Stephan Schmidt

ManyCam dishonored my lifetime license

How one day I've learned that lifetime license doesn't mean lifetime

I wanted to talk about customer relations and how to have a successful startup. And what not to do.

Let’s start with a story. I’ve bought a Premium Lifetime license from ManyCam. ManyCam is a software that does several things, I needed it to be able to use a webcam in two applications at the same time. One year after I’ve bought the Lifetime license, they released a new version and my Lifetime license effectively stopped working.

“ManyCam is now under new ownership. […] Visicom Media stands by the Lifetime customers and will continue to support them by arranging with the new owner for a total of two years of free subscription.” Standing by the lifetime customer by offering two years and dishonoring the lifetime license? I call that a “Weasel License” not a “Lifetime Premium License” as the lifetime of a weasel is two years (Can you believe that? I didn’t know either).

There is the saying that a happy customer doesn’t talk, but an unhappy customer spreads their bad experience to ten people. The person you’ve sold the lifetime license to will probably never update, because they hate you, there is no money in it for you anymore from that customer except you can hold them hostage. In this case even more sinister, offering a free subscription to get you on the subscription bandwagon - screw you twice. But I chose a one time lifetime license exactly because I don’t want a subscription. So trying to get me on a subscription doesn’t make any sense at all. In the end money for you but the downside of an unhappy customer running around, telling their story.

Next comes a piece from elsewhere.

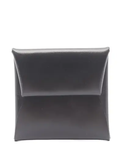 black calf leather silver-tone hardware foldover top press-stud fastening internal logo stamp Condition: GOOD. This previously owned and used item is in good condition with minimal signs of use. This may include fading of material or plating and scratches.

I do understand the constraints of a business, and sometimes you need money right now, so you want to get all your future income from a customer and offer a lifetime license. I also understand selling a business and the new owner has new priorities (the reason I tell all my CTO coachees they need everything in writing from their boss in their contract, a new boss will probably only honor what is written down, not spoken promises). I understand the reason for the lifetime license might be to increase sales numbers before you sell the business. But then you should honor that deal and let the customer use your software for a lifetime, and not make it stop working after a year. You can argue it’s a new release, and lifetime was only for the old software. If you keep lifetime bug fixes coming and all the features working for the old software, this might be fine but still feels dishonest (they didn’t answer my question of how long my version would be supported with bug fixes - especially as it crashes rather often1). And I’d argue from a software developer point of view it’s easier to let the customer use the newest software than updating and fixing older version for “Lifetime”, especially if you have a complete rewrite.

This tradeoff between short time benefits and long term benefits is something that goes on in every company and especially startups. Do you do everything to get this one customer? Do you want to develop a feature for one customer to win the customer or develop some other feature to win potentially more customers in the future? Do you invest in future growth? In stability and scalability? Or do you invest all your effort into short term gains?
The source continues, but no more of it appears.